La refrescante parada parece darnos alas y encaramos el descenso con tanto ánimo que en el Clot de Bords, en mitad de un caótico roquedal, nos despistamos y perdemos unos minutos hasta recuperar el trazado. Ahí empieza el tercer muro del día, que nos eleva hasta el Coll de la Llaguna y la Roca Cigalera. Todo lo demás es un eterno descenso hasta el fondo del valle. Nos aguarda la quinta meta, un buen baño en las aguas del río y el recuerdo de un día magnífico en la montaña.

FORZANDO LA MÁQUINA

Partimos de Tavascan en fila india, por el camino encharcado del bosque, chapoteando entre cantos rodados cubiertos de musgo.

Qué ritmo. Qué alegría. Qué sinrazón. Parece que la etapa sea de 10 km, pero eso es lo que llevamos al pasar por Estaon. Aquí empieza la subida fuerte del día: mil metros de desnivel del tirón hasta superar la Serra Plana, que de plana no tiene nada. Aún más dura es la bajada: 1.300 metros negativos hasta la Guingueta d'Àneu, donde cruzamos el río Noguera Pallaressa y volvemos a subir, rumbo a Espot.

La meta se hace de rogar con un subibaja final que desmonta los esquemas de más de uno. Llevaban razón, era la etapa más "corredora". O eso o es que estamos echando el resto. Hoy era el día de los pueblecillos de postal. De mirarlos de reojo y no parar. De estrujarnos, quizá, un poquito de más.

TOCANDO EL CIELO EN AIGÜESTORTES

Dicen que los excesos se pagan. La primera señal la noté ayer tarde: en el camping me costó merendar. La siesta, en cambio, fue coser y cantar. Ni la tormenta, con sus rayos y truenos, logró desvelarme.
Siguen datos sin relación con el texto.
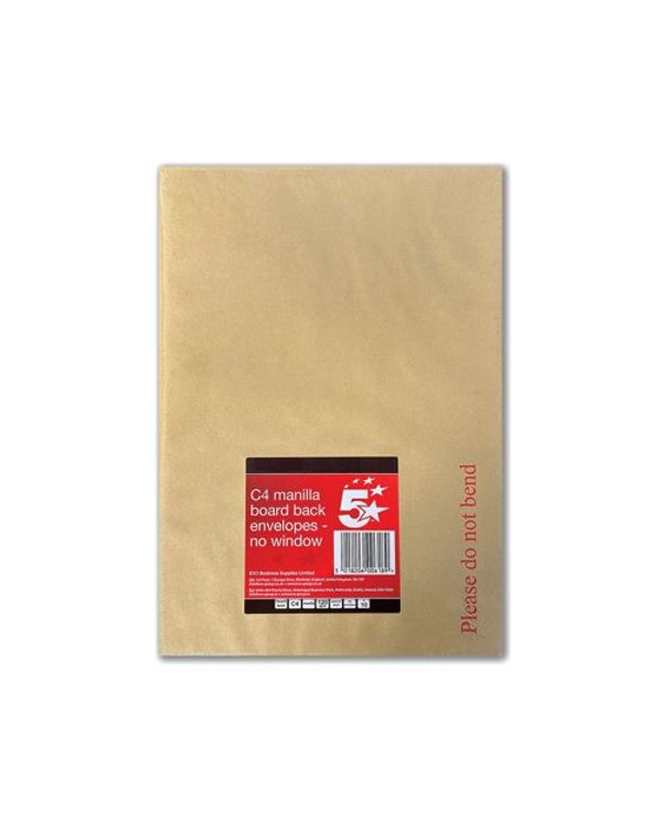 5 Star C4 Envelopes Board Backed Peel and Seal 120gsm Manilla (Pack of 10) FS600618
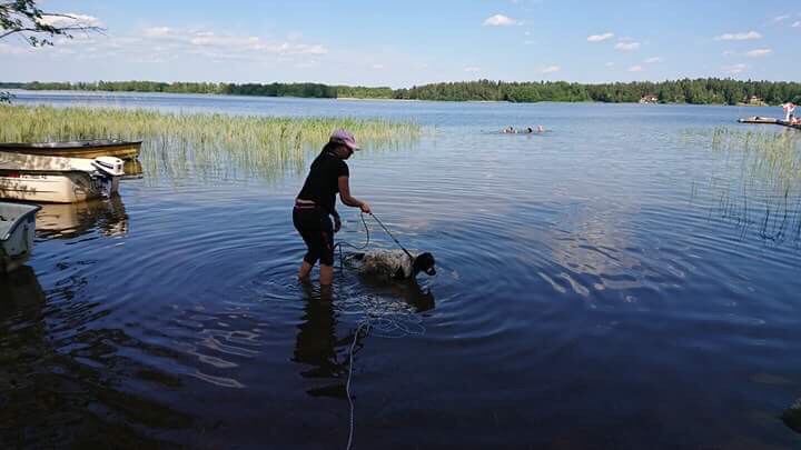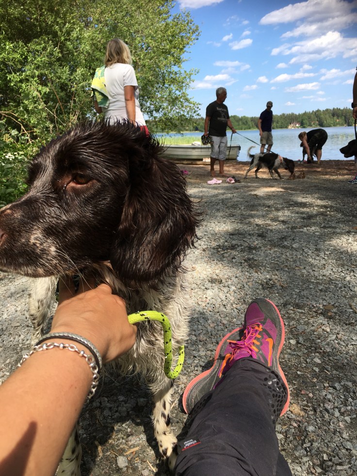 Sen for hela gänget till sjön för att träna på momentet simma. Vilken räddning i denna galna värme. Bella har ju simmat ett par gånger så jag var rätt säker på att hon skulle gå i. Det gjorde hon men det var så långgrunt så det tog en stund innan hon simmade.
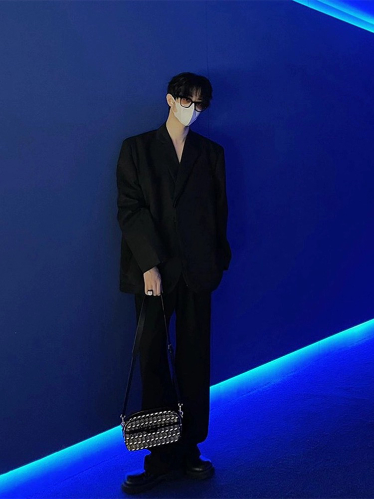 那不勒斯西服套装痞帅男装三件套高级感英伦雅痞垫肩休闲西装外套
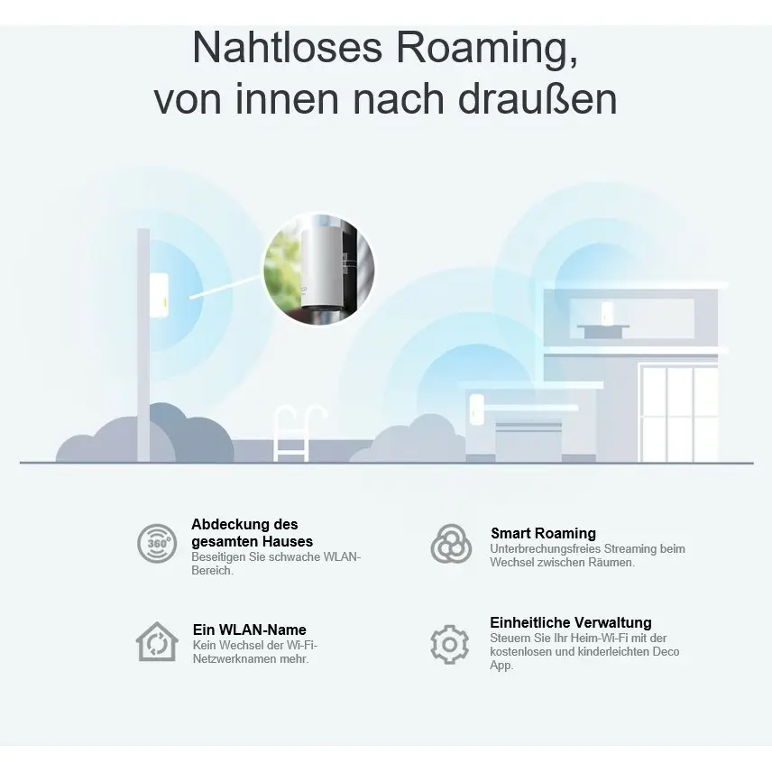 - AX3000 Dual-Band Wi-Fi 6- Enjoy binge-watching your favorite series in 4K with combined speeds of up to 3000 Mbps (574 Mbps on 2.4 GHz and 2402 Mbps on 5 GHz )†- Multiple mount options - Pole mount, wall mount, and tabletop- Working outdoor - Industry-leading IP65 dust & water resistance- Powered over Ethernet - Provide both data connection and electric power with a single cable- Full Gigabit Ethernet - 2 × Gigabit WAN/LAN Ethernet ports provide solid internet access at high speeds.- Work With All Decos - Compatible with every other Deco model to form a Mesh network.- TP-Link HomeShield - Provides comprehensive network protection, robust parental controls, and real-timeOutdoor / Indoor, enjoy Your WiFi Wherever You WantAX3000 Outdoor/Indoor Whole Home Mesh WiFi 6 UnitAX3000 Dual-Band WiFi 6 MeshIdeal for Your Latest Phones and LaptopsArmed with WiFi 6 technology, Deco whole home mesh WiFi is designed to deliver a huge boost in coverage, speed, and total capacity. Get on the latest mesh WiFi to enjoy the future network that loads faster and connects more.Ideal for Fast Outdoor Wi-FiDeco X50-Outdoor features a weatherproof enclosure and solid operating temperature, enabling strong Wi-Fi signals outside. Flexible installation and power supply make it even easier for outdoor use.IP65 Weatherproof Enclosure forOutdoor EnvironmentsRated as IP65 during Ingress Protection testing, a resilient weatherproof enclosure protects Deco X50-Outdoor against the harsh outdoor condition, such as dust ingress, shock, vibration, moisture and so on. Versatile Mounting SolutionsOur mounting kits are flexible to deploy with pole mount, wall mount and tabletop options,whether inside or outside.Engineered for More DevicesDeco products are aimed to dramatically improve capacity and efficiency in traffic-dense environments. No matter how many screens or devices are on at once, everyone is able to enjoy a more efficient network that loads faster without dragging down performance.Seamless Roaming, From Inside to OutsideTP-Link Mesh means Deco units work together to form one unified network. Your phone or tablet automatically connects to the fastest Deco as you move through your home, creating a truly seamless Wi-Fi experience.Protect Your Network and Everything on ItTP-Link’s premium security services keep your home network safe with cutting-edge features for network and IoT protection.Detect cyber threats to keep your privacy and connected devices well protected.- Real-Time IoT Protection- Malicious Site Blocker- Intrusion Prevention- Home Network ScannerManage online time and block inappropriate content to keep families healthy online.- User Profile by Age- Content Filter- Bedtime- Time RewardsPrioritize your bandwidth needs to get a faster networking experience.- Device PriorityGain full statistics and insights to help you know your home network better.- Internet User Overview- Online Time Analysis- Browser History Analysis- End Device StatisticsSimple. Easy. Yet Powerful.Setup and manage your network anytime and anywhere on the friendly TP-Link Deco app. In just three easy steps your entire home can be blanketed in strong and reliable WiFi.Control Anyway You Want- Easy ManagementManage your WiFi at home or away on the Deco app. See every connected device, prioritize your own, and set up a guest network.- Voice ControlUse an Amazon Alexa or Google Assistant-enabled device to control Deco X50-Outdoor with just your voice.- All Decos Work TogetherDeco X50-Outdoor is compatible with every other Deco model to form a Mesh network. Expand Mesh WiFi coverage anytime by adding more Decos.

Hoy, a las 5 AM, todos echamos de menos el buzzer de carcajadas del equipo femenino con el que nos despertábamos cada mañana. Anoche decidieron dormir en cama.

Cuando tomamos la salida, el cuerpo sigue extraño. Sufro incluso para seguir el ritmo del grupo de andarines.

Tras dos horas de pateo, en las últimas palas antes del Pic de Pinetó, no sé qué enzima es la que obra el milagro, pero por fin recobro el control de la respiración, de las piernas, la vista, incluso la dicción. ¡Puedo volver a hablar!

Acariciamos los límites del parque nacional. Hay sectores de caos rocosos, lagunas de cuento y monolitos gigantes. El ritmo disminuye, pero la etapa entra en una nueva dimensión que eleva la PSR hacia un nuevo paradigma.

En el refugio de Saboredo recuperamos fuerzas con un avituallamiento especial –sopa de cebolla, pasteles caseros, etc.– y ya sólo resta bajar hasta Salardú y enlazar hasta Vielha por el Camí Reiau.

Con el cuerpo al ralentí y apurando las últimas reservas, trotamos de un pueblo a otro, recogiendo flores silvestres a orillas del camino.

La entrada en meta es una fiesta: vítores, abrazos, ducha de cava, foto de familia, más abrazos... "Gracias, amigos, sin vosotros no lo habría conseguido".

LA SEGUNDA ASCENSIÓN DEL DÍA SERÁ MÁS CALUROSA. TANTO, QUE AL LLEGAR A BABORTE APETECE BAÑARSE. POL SE ZAMBULLE VESTIDO, CON ZAPATILLAS Y TODO, A LO SWIMRUNNER. YO ME DECANTO POR EL ESTILO ESTHER WILLIAMS.